Exploiting the chemical warfare that occurs between plants and their pathogens shows
promise in providing new natural products for new anti-infectives for human, plant
and animal health. The successful development of strobilurin fungicides and spinosad
insecticides has continued the interest in natural products as crop protectants. The
importance and future of natural product agrochemistry is emphasized by the fact
that 21 companies have filed 255 patent applications primarily for use of the strobilurin
class of fungicides (Qo I MET complex 3 inhibitors).
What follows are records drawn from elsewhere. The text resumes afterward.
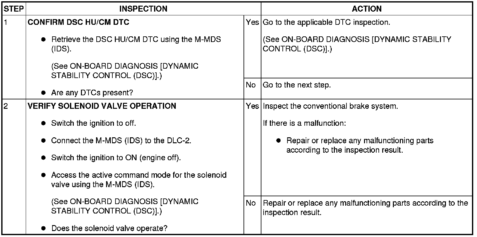 NO.3 THERE IS A MALFUNCTION IN THE SYSTEM EVEN THOUGH ABS WARNING LIGHT, BRAKE SYSTEM WARNING LIGHT, TCS/DSC INDICATOR LIGHT AND DSC OFF INDICATOR LIGHT DO NOT ILLUMINATE [DYNAMIC STABILITY CONTROL (DSC)]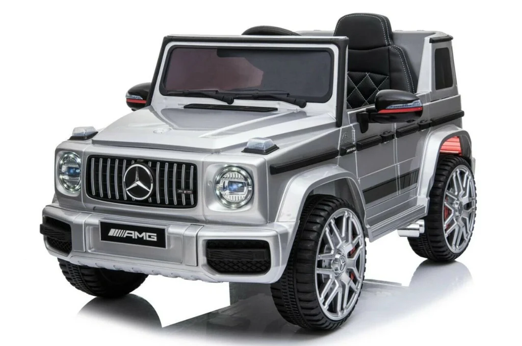 Mercedes G63 specifications Wheels: PlasticSide Mirrors: Yes Model: G63Front Lights: Yes Suspension System: Yes Battery: 12VMusic: YesHorn Sound: YesBrand: MercedesRemote Control: YesRecommended Age Range: 2-5 Material: ECO PlasticPower Display: Yes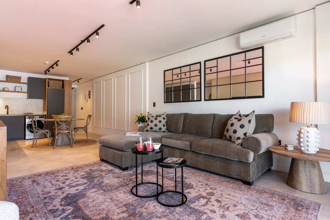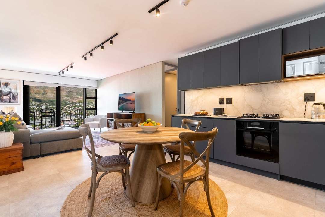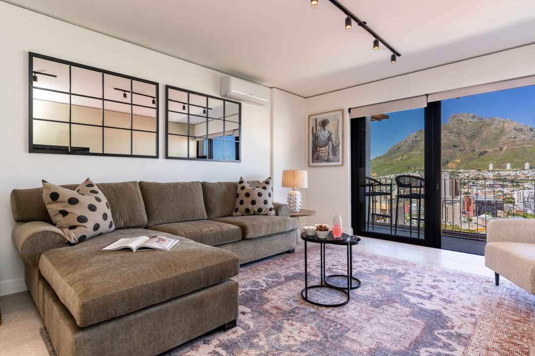 Start your day with breathtaking views from the private balcony — Table Mountain rising majestically above the skyline, a view that never gets old. The open-plan living area is flooded with natural light, creating a warm and welcoming space to relax, entertain, or simply soak in the atmosphere.

1.1. Direct Acting Defense Chemicals
Since the discovery of the vinca alkaloids in 1963, many of the known antitubulin
agents used in today’s cancer chemotherapy arsenal are products of plant and fungal
secondary metabolism. Since 1991, 16 of 43 new pharmaceuticals were derived from
natural products. In certain therapeutic areas 78% of the antibacterials and 74% of
the anticancer compounds are natural products or have been derived from natural
products (Roughi, 2003). These “natural products” are probably defense chemicals
that target and inhibit cell division in invading pathogens (Wedge and Camper, 2000).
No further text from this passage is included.